“De ki: “Hak geldi, batıl yok oldu. Şüphesiz batıl, yok olmaya mahkûmdur.”(İsra .81)
Hak ve Batıl mücadelesi, insanlık için, bilyoruz ki kıyamete kadar devam edecek bir olgudur. Bugün milletçe yaşadığımız olaylar bu sürecin bir tezahürüdür. Batılı temsil eden güçler, dün olduğu gibi, başta Hıristiyan, Yahudi işbirliğinde ABD, Avrupa Birliği ve içimize sinmiş bu güçlerin uşaklarından meydana gelmiş. Hak tarafını temsil edenler ise Ülkemizdeki Osmanlı ruhunu temsil eden Mümin ve mücahit ruhlu güçler.
Ortadoğuyu parçalamak isteyen emperyalistlerin karşısına geçen Türkiye, maalesef Nato paktında yer alan ülkelerin destek verdiği terör gruplarınca güney sınırından “terör koridoru” ile ablukaya alınmaya çalışılmaktadır. Terör ateşiyle ülkemizi yakmak ve parçalamak üzere planlar yapılmış ve adımlar atılmıştır.
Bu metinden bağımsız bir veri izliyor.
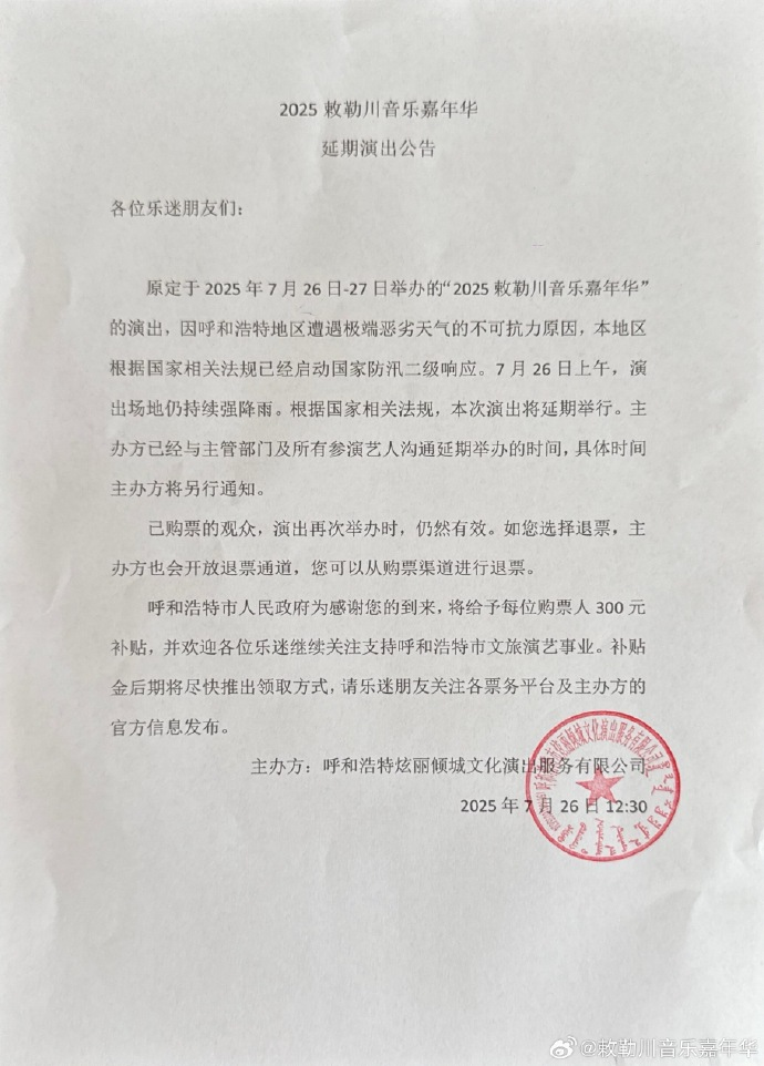 原定于2025年7月26日-27日举办的“2025 敕勒川音乐嘉年华”的演出,因呼和浩特地区遭遇极端恶劣天气的不可抗力原因,本地区根据国家相关法规已经启动国家防汛二级响应。7月26日上午,演出场地仍持续强降雨。根据国家相关法规,本次演出将延期举行。主办方已经与主管部门及所有参演艺人沟通延期举办的时间,具体时间主办方将另行通知。
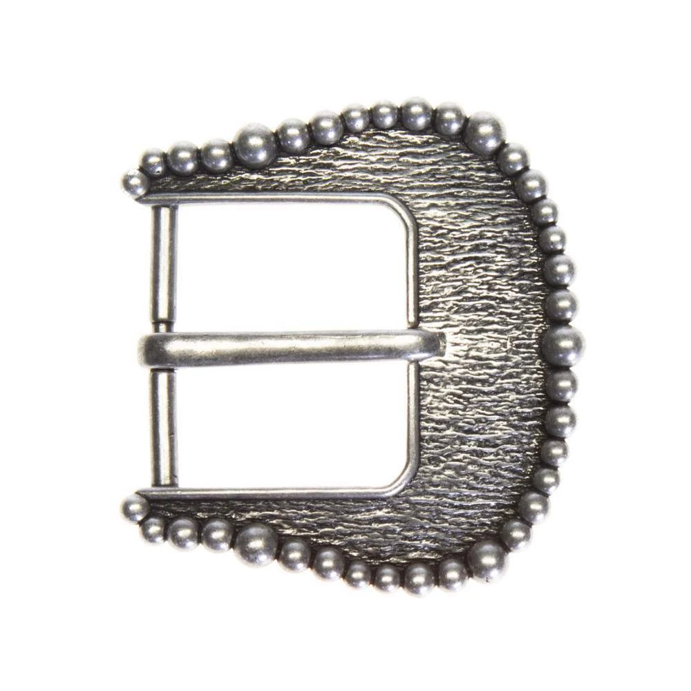 This is a hammered silver 1 1/2″ buckle with a dot border.
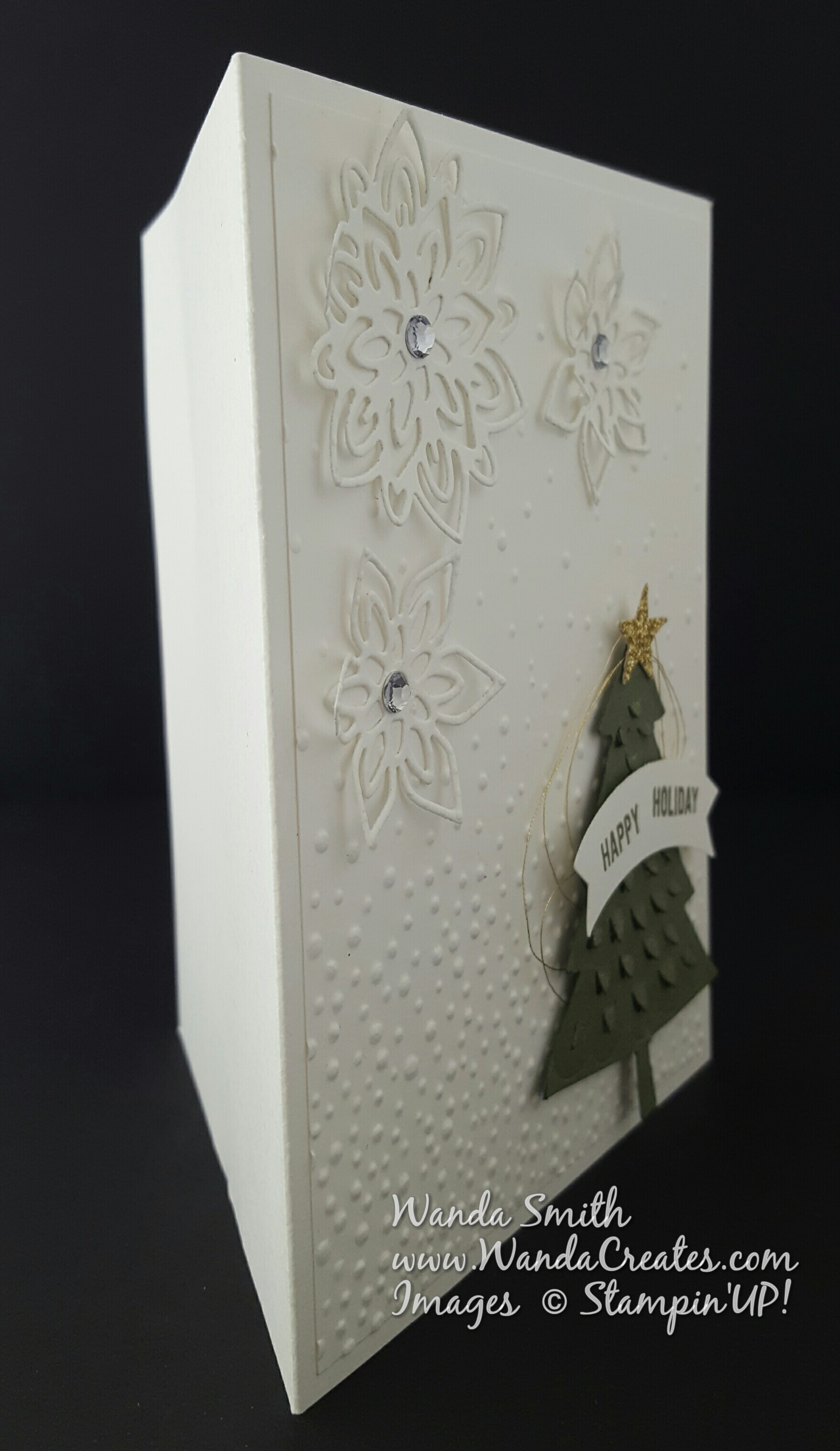 Using the flowers from the Flourish Thinlits was a great idea. I decided to change the tree from the Peaceful Pines Stamp Set to just cutting out a tree from the coordinating Perfect Pines Framelits and then cutting/embossing it with the same framelit set for this look.

Devleti ve milletiyle dünya barışına büyük katkı sağlayan Türkiye, sınır güvenliğini sağlamak için tüm diplomatik süreçleri işletmiş, üyesi olduğu uluslararası güvenlik örgütlerini teröre karşı birlikte hareket etmeye davet etmiş ve sınır güvenliğinin tehlikede olduğunu tüm dünyaya ilan etmiştir. Bu çabalardan bir sonuç alınamamıştır. Dost bildiğimiz ülkeler ve kuruluşlar bizi terör örgütleri ile başbaşa bırakmışlar, hatta terör örgütlerine, bayraklarını kullanma hakkı bile vermişlerdir.